[Data supplied]

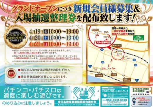新規会員募集と入場抽選整理券は4/19(金)から4/21(日)まで配布されます。
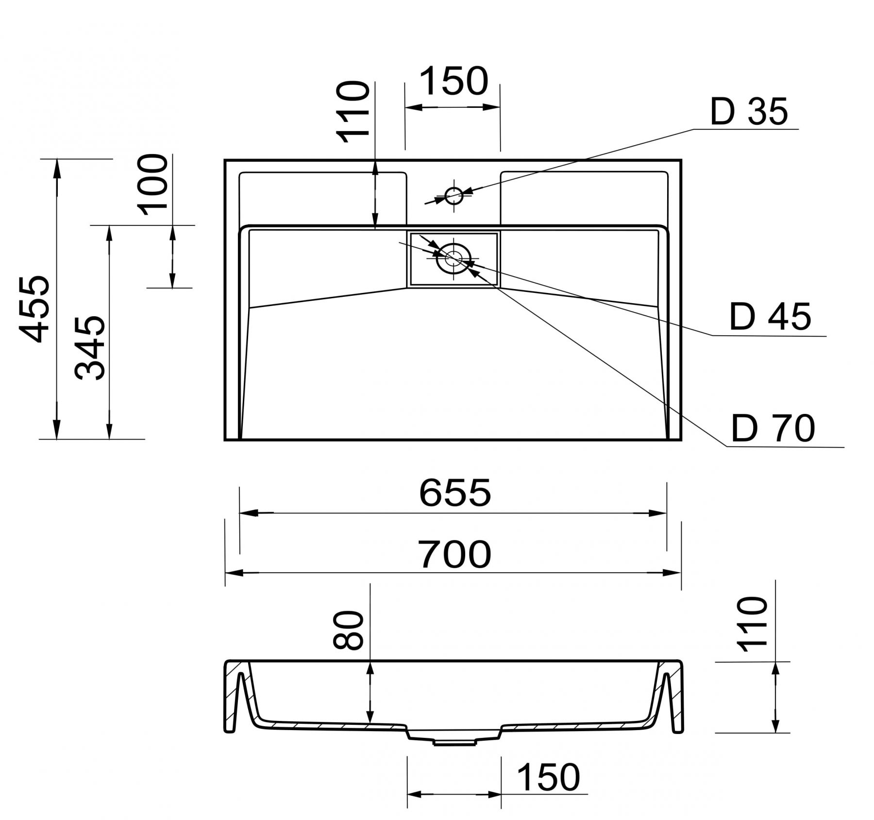 Раковина Adamant VISION має прямокутну форму, виготовлена зі штучного каменю з розмірами 700 x 455 x 110 мм та білим кольором. Накладний тип встановлення з отвором для змішувача та без отвору для переливу дозволяє монтаж на тумбу. Матеріал створений за технологією Solid Surface, стійкий до впливу та довговічний.
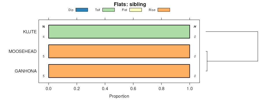 Geomorphic description summaries for the MACLAREN series and siblings. Series are sorted according to hierarchical clustering of proportions and relative hydrologic position within an idealized landform (e.g. top to bottom). Most soil series (SSURGO components) are associated with a hillslope position and one or more landform-specific positions: hills, mountain slopes, terraces, and/or flats. Proportions can be interpreted as an aggregate representation of geomorphic membership. The values printed to the left (number of component records) and right (Shannon entropy) of stacked bars can be used to judge the reliability of trends. Small Shannon entropy values suggest relatively consistent geomorphic association, while larger values suggest lack thereof. Source: SSURGO component records .
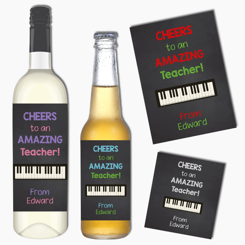 Our commitment to superior quality extends to our professional printing services and swift shipping. Plus, with Afterpay available, you have the convenience of paying in instalments. Give a gift that resonates and surprise your child's music teacher with our elegant and personalised wine and beer labels.
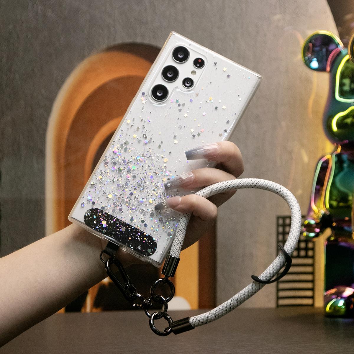 Glitter Star Sequin Basic Phone Case With Multifunctional Wristband For Samsung Galaxy S24 S23 S22 S21 S20 FE Note 20 Ultra Clear Soft TPU Back Cover
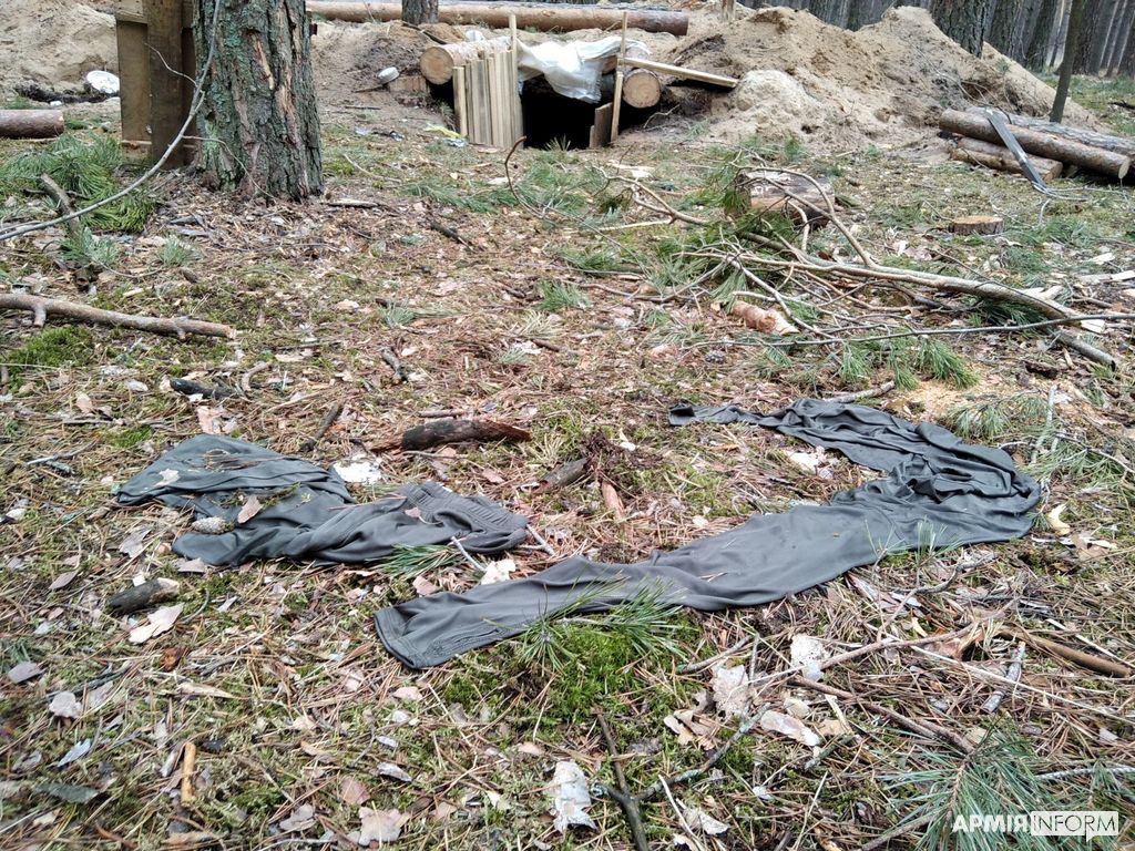 Позиції російських окупантів справляли враження великого смітника, де щойно були люди, які змушені були тікати. Серед загубленого — особисті речі. Наприклад, брудні труси, які доволі часто траплялися в лісі навколо, що викликало думки про переляк, який вони отримали від контратак української армії. Або термобілизна в такому ж стані.
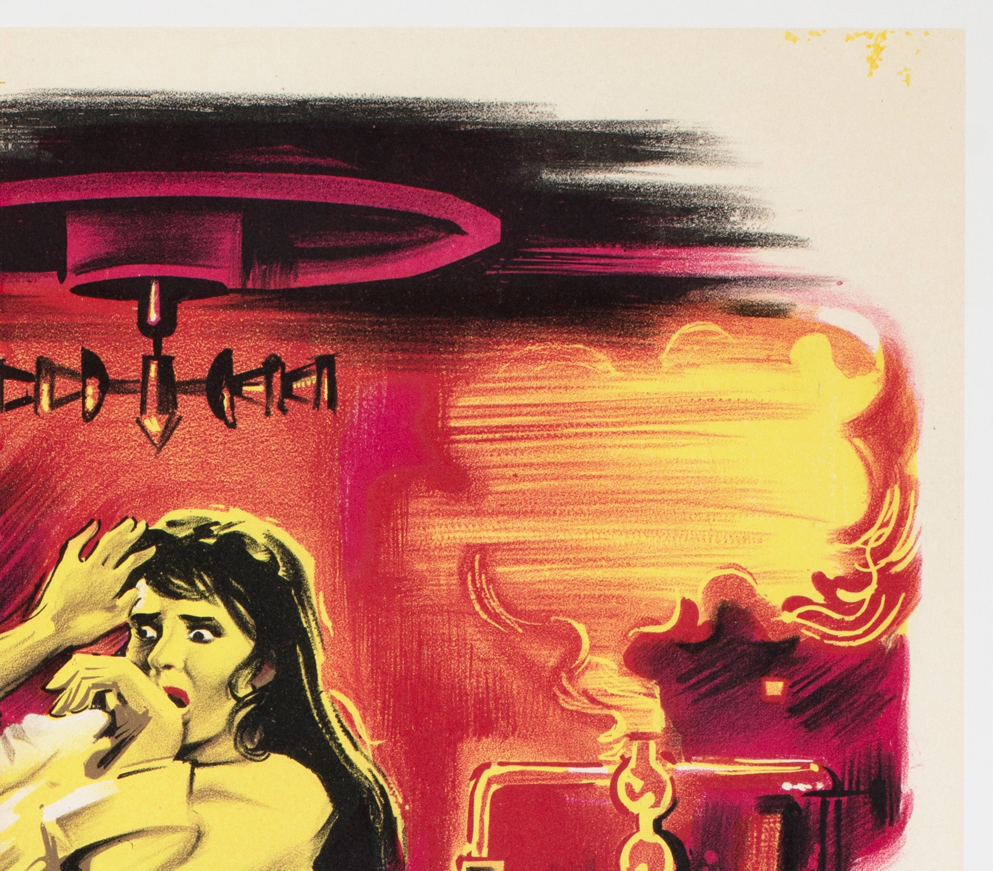 This 1964 moyenne poster for L’Empreinte de Frankenstein — the French release of The Evil of Frankenstein — features striking artwork by Russian-born illustrator Boris Grinsson, a prolific poster artist known for his dynamic and expressive style.

[/Data supplied]

Task statement.
From the data above, return exactly the lines from the one with "Geomorphic description summaries" up to and including the one with "Glitter Star Sequin". Pictures do not go in the copy.

Final answer.
 Geomorphic description summaries for the MACLAREN series and siblings. Series are sorted according to hierarchical clustering of proportions and relative hydrologic position within an idealized landform (e.g. top to bottom). Most soil series (SSURGO components) are associated with a hillslope position and one or more landform-specific positions: hills, mountain slopes, terraces, and/or flats. Proportions can be interpreted as an aggregate representation of geomorphic membership. The values printed to the left (number of component records) and right (Shannon entropy) of stacked bars can be used to judge the reliability of trends. Small Shannon entropy values suggest relatively consistent geomorphic association, while larger values suggest lack thereof. Source: SSURGO component records .
 Our commitment to superior quality extends to our professional printing services and swift shipping. Plus, with Afterpay available, you have the convenience of paying in instalments. Give a gift that resonates and surprise your child's music teacher with our elegant and personalised wine and beer labels.
 Glitter Star Sequin Basic Phone Case With Multifunctional Wristband For Samsung Galaxy S24 S23 S22 S21 S20 FE Note 20 Ultra Clear Soft TPU Back Cover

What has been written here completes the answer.